• [EXERCISE DESCRIPTION]:
Each line in the data must be reproduced as written, except for any picture.

Collection entries:
━━━━
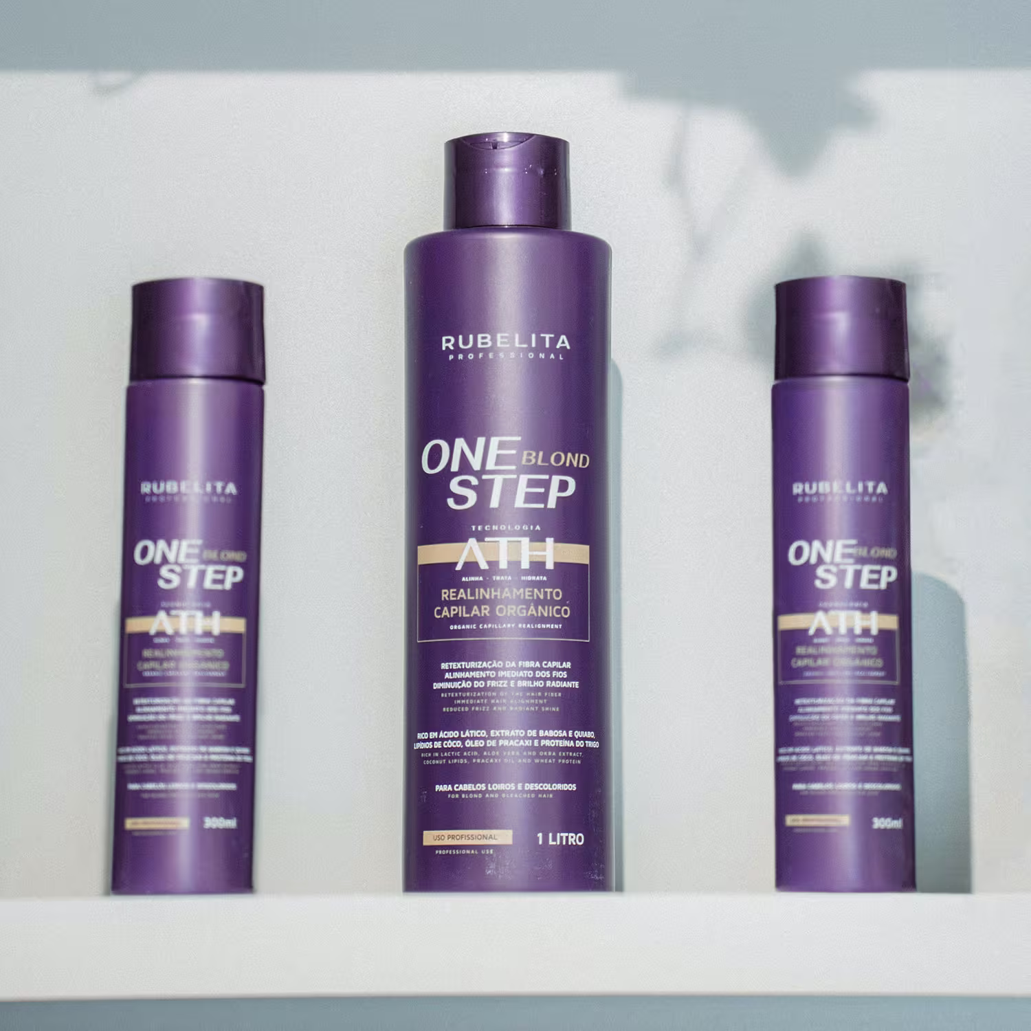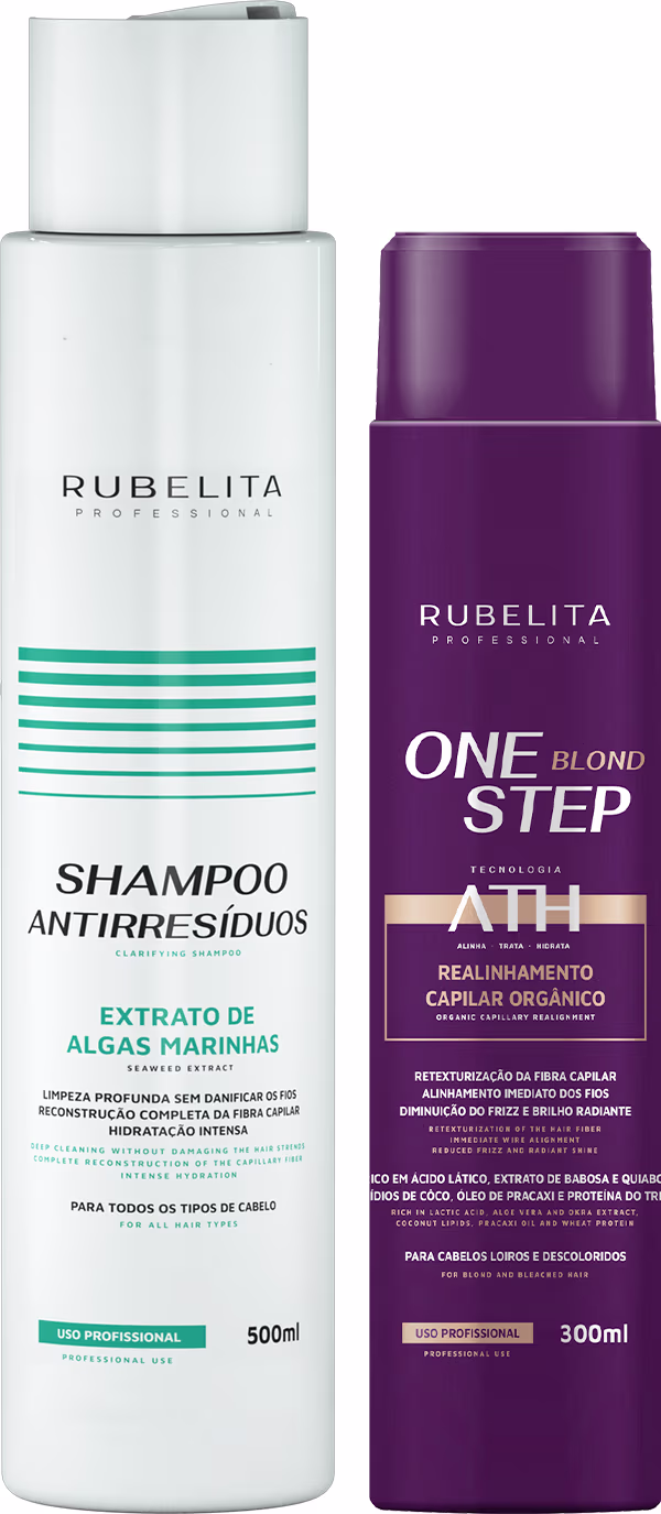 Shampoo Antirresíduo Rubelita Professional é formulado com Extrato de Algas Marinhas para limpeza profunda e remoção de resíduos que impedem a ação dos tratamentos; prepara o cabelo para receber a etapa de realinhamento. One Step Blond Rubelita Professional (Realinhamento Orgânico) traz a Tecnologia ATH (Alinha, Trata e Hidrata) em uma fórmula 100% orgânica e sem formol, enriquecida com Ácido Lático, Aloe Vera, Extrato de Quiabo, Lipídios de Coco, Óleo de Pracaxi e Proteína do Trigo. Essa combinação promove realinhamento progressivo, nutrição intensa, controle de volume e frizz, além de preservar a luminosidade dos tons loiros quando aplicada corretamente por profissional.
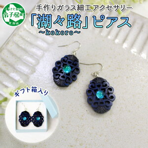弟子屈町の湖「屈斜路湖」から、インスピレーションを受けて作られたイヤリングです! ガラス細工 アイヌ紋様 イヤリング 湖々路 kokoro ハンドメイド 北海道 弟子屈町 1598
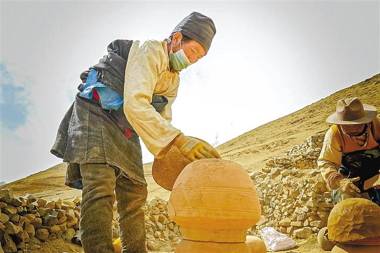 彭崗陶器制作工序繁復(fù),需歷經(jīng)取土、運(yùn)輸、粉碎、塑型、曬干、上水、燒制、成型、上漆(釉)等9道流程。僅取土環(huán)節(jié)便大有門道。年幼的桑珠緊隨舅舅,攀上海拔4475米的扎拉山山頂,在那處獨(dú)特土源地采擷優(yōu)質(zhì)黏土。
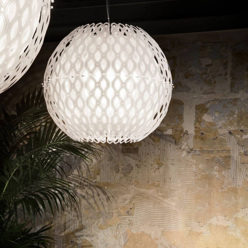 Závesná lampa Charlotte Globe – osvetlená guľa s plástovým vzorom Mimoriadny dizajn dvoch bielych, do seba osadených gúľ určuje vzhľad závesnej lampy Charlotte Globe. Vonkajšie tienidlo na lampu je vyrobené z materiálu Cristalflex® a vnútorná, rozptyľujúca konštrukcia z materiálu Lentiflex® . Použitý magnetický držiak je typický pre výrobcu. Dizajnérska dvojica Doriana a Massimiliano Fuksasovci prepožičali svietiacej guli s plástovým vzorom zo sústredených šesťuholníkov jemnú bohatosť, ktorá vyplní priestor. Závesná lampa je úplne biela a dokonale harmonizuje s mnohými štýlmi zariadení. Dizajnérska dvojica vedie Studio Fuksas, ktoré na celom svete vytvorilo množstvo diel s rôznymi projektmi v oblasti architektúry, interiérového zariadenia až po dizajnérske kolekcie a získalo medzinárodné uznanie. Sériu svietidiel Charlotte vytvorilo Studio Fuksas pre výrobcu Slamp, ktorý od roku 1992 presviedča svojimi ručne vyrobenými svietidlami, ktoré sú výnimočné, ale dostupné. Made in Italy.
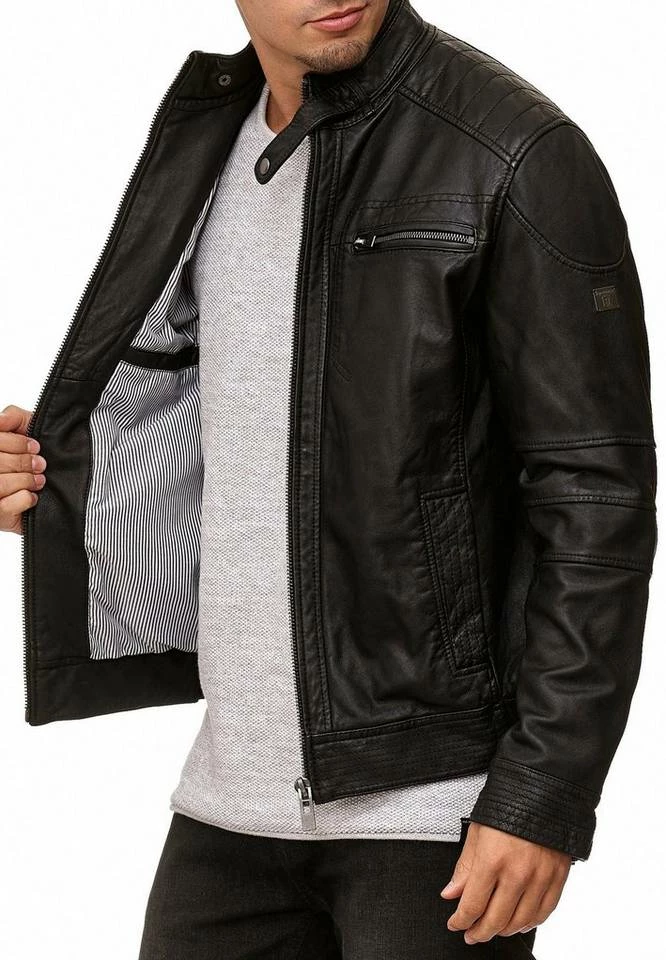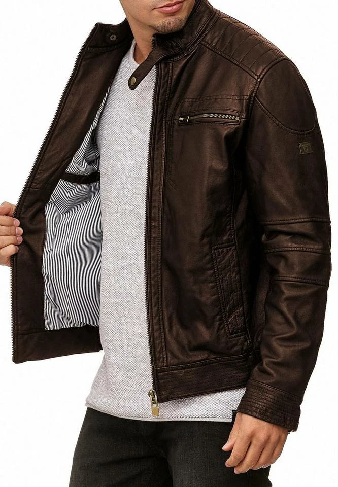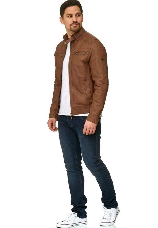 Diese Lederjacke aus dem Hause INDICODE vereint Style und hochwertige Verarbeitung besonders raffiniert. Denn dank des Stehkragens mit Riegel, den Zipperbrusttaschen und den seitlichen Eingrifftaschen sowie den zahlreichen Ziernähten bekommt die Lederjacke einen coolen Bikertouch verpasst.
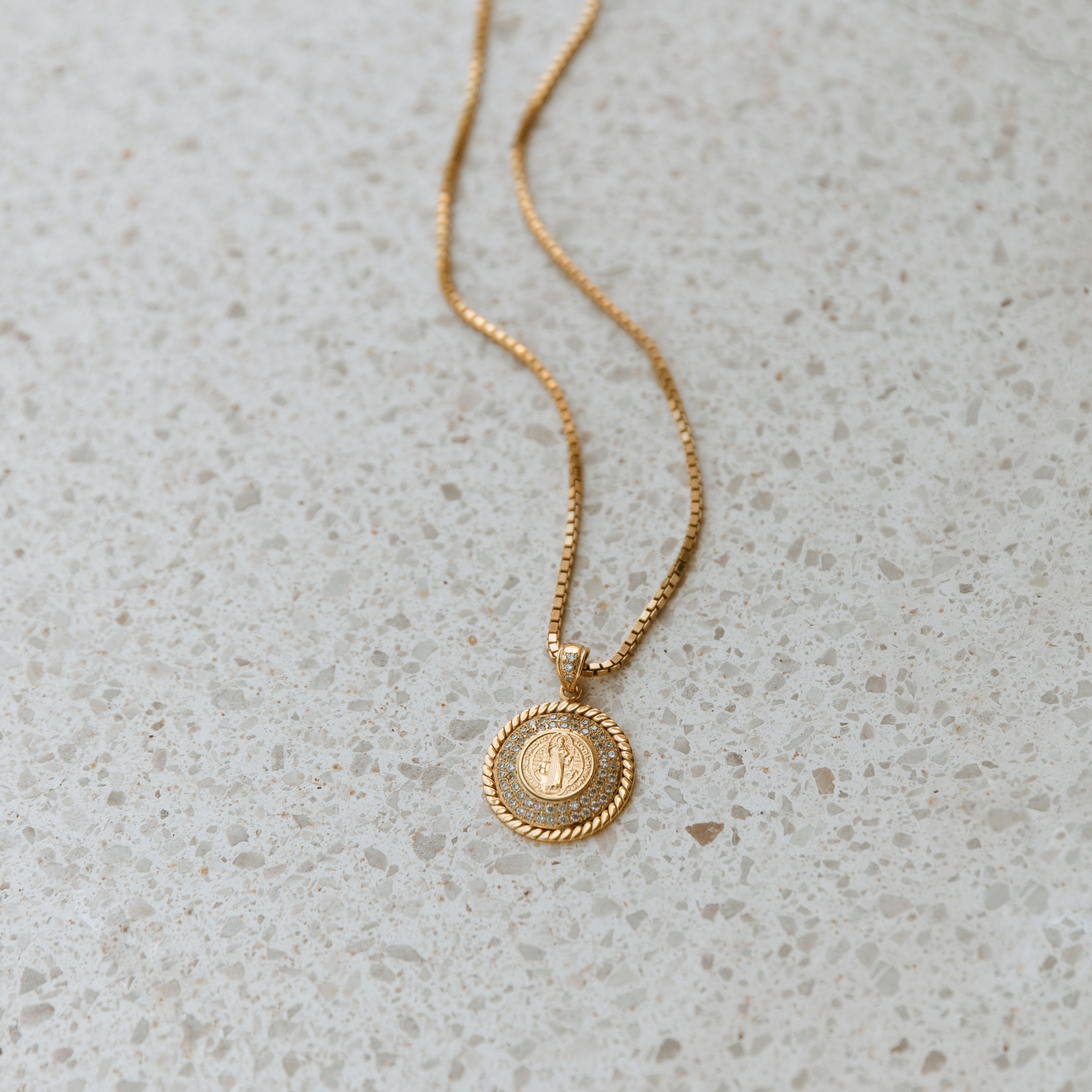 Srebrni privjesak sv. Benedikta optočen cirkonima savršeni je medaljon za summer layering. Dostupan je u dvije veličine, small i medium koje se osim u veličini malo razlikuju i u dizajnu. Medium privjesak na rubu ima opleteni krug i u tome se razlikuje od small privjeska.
━━━━
• [ANSWER TO THIS PROBLEM]:
 Shampoo Antirresíduo Rubelita Professional é formulado com Extrato de Algas Marinhas para limpeza profunda e remoção de resíduos que impedem a ação dos tratamentos; prepara o cabelo para receber a etapa de realinhamento. One Step Blond Rubelita Professional (Realinhamento Orgânico) traz a Tecnologia ATH (Alinha, Trata e Hidrata) em uma fórmula 100% orgânica e sem formol, enriquecida com Ácido Lático, Aloe Vera, Extrato de Quiabo, Lipídios de Coco, Óleo de Pracaxi e Proteína do Trigo. Essa combinação promove realinhamento progressivo, nutrição intensa, controle de volume e frizz, além de preservar a luminosidade dos tons loiros quando aplicada corretamente por profissional.
弟子屈町の湖「屈斜路湖」から、インスピレーションを受けて作られたイヤリングです! ガラス細工 アイヌ紋様 イヤリング 湖々路 kokoro ハンドメイド 北海道 弟子屈町 1598
 彭崗陶器制作工序繁復(fù),需歷經(jīng)取土、運(yùn)輸、粉碎、塑型、曬干、上水、燒制、成型、上漆(釉)等9道流程。僅取土環(huán)節(jié)便大有門道。年幼的桑珠緊隨舅舅,攀上海拔4475米的扎拉山山頂,在那處獨(dú)特土源地采擷優(yōu)質(zhì)黏土。
 Závesná lampa Charlotte Globe – osvetlená guľa s plástovým vzorom Mimoriadny dizajn dvoch bielych, do seba osadených gúľ určuje vzhľad závesnej lampy Charlotte Globe. Vonkajšie tienidlo na lampu je vyrobené z materiálu Cristalflex® a vnútorná, rozptyľujúca konštrukcia z materiálu Lentiflex® . Použitý magnetický držiak je typický pre výrobcu. Dizajnérska dvojica Doriana a Massimiliano Fuksasovci prepožičali svietiacej guli s plástovým vzorom zo sústredených šesťuholníkov jemnú bohatosť, ktorá vyplní priestor. Závesná lampa je úplne biela a dokonale harmonizuje s mnohými štýlmi zariadení. Dizajnérska dvojica vedie Studio Fuksas, ktoré na celom svete vytvorilo množstvo diel s rôznymi projektmi v oblasti architektúry, interiérového zariadenia až po dizajnérske kolekcie a získalo medzinárodné uznanie. Sériu svietidiel Charlotte vytvorilo Studio Fuksas pre výrobcu Slamp, ktorý od roku 1992 presviedča svojimi ručne vyrobenými svietidlami, ktoré sú výnimočné, ale dostupné. Made in Italy.
 Diese Lederjacke aus dem Hause INDICODE vereint Style und hochwertige Verarbeitung besonders raffiniert. Denn dank des Stehkragens mit Riegel, den Zipperbrusttaschen und den seitlichen Eingrifftaschen sowie den zahlreichen Ziernähten bekommt die Lederjacke einen coolen Bikertouch verpasst.
 Srebrni privjesak sv. Benedikta optočen cirkonima savršeni je medaljon za summer layering. Dostupan je u dvije veličine, small i medium koje se osim u veličini malo razlikuju i u dizajnu. Medium privjesak na rubu ima opleteni krug i u tome se razlikuje od small privjeska.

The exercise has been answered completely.